Problem to solve: In the listing below, locate the line containing "This TPU case" and the line containing "近日李小鵬抱女兒快步離開活動". Output both of them and every line between, exactly as written, and nothing more.

Supplied material:
++++++++

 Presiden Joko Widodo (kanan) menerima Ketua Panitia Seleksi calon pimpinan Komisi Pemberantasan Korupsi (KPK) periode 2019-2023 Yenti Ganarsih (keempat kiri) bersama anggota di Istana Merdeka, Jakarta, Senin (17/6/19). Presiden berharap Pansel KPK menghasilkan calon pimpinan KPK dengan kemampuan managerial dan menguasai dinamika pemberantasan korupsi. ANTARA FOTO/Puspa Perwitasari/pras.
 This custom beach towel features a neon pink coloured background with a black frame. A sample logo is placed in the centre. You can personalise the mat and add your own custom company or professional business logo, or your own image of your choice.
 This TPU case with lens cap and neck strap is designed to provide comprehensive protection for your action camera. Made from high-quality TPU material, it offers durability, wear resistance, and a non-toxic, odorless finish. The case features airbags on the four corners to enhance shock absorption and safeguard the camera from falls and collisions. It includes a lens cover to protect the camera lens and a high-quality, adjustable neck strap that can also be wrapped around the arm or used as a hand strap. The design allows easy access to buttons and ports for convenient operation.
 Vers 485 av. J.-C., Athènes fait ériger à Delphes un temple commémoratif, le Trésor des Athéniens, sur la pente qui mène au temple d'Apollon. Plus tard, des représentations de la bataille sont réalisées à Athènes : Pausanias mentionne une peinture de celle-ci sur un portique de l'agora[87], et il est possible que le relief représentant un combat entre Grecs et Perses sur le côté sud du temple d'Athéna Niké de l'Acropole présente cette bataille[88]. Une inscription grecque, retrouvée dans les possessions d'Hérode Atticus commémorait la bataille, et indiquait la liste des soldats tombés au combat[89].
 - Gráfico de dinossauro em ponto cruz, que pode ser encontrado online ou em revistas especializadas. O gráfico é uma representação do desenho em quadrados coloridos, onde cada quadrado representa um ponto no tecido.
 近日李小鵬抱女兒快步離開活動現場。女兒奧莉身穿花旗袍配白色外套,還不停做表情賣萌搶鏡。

++++++++

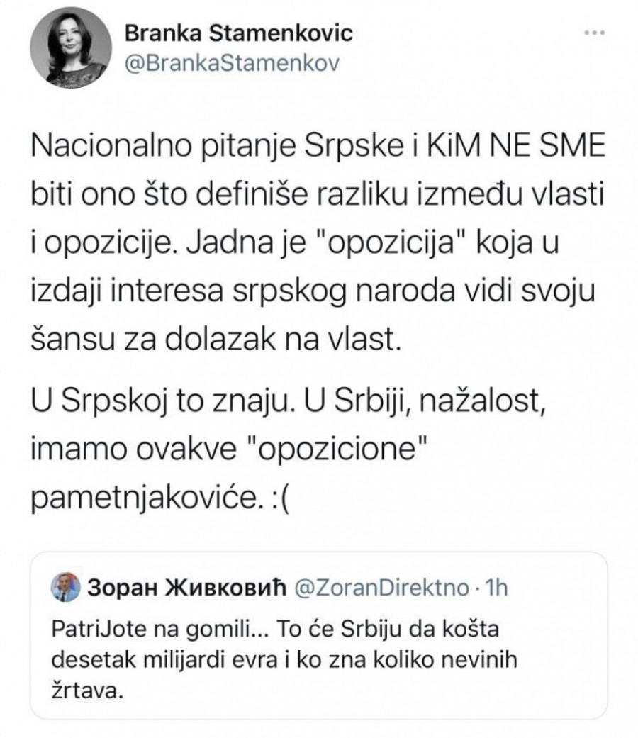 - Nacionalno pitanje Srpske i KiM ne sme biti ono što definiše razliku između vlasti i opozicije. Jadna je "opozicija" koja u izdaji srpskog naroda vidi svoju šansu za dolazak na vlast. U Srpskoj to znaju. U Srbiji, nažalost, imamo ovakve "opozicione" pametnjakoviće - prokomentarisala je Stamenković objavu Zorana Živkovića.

++++++++

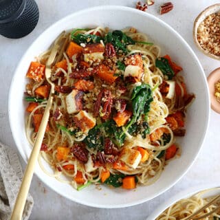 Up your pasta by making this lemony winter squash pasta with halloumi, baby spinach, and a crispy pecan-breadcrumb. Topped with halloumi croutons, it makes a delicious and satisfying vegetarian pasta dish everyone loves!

++++++++

Your response:
 This TPU case with lens cap and neck strap is designed to provide comprehensive protection for your action camera. Made from high-quality TPU material, it offers durability, wear resistance, and a non-toxic, odorless finish. The case features airbags on the four corners to enhance shock absorption and safeguard the camera from falls and collisions. It includes a lens cover to protect the camera lens and a high-quality, adjustable neck strap that can also be wrapped around the arm or used as a hand strap. The design allows easy access to buttons and ports for convenient operation.
 Vers 485 av. J.-C., Athènes fait ériger à Delphes un temple commémoratif, le Trésor des Athéniens, sur la pente qui mène au temple d'Apollon. Plus tard, des représentations de la bataille sont réalisées à Athènes : Pausanias mentionne une peinture de celle-ci sur un portique de l'agora[87], et il est possible que le relief représentant un combat entre Grecs et Perses sur le côté sud du temple d'Athéna Niké de l'Acropole présente cette bataille[88]. Une inscription grecque, retrouvée dans les possessions d'Hérode Atticus commémorait la bataille, et indiquait la liste des soldats tombés au combat[89].
 - Gráfico de dinossauro em ponto cruz, que pode ser encontrado online ou em revistas especializadas. O gráfico é uma representação do desenho em quadrados coloridos, onde cada quadrado representa um ponto no tecido.
 近日李小鵬抱女兒快步離開活動現場。女兒奧莉身穿花旗袍配白色外套,還不停做表情賣萌搶鏡。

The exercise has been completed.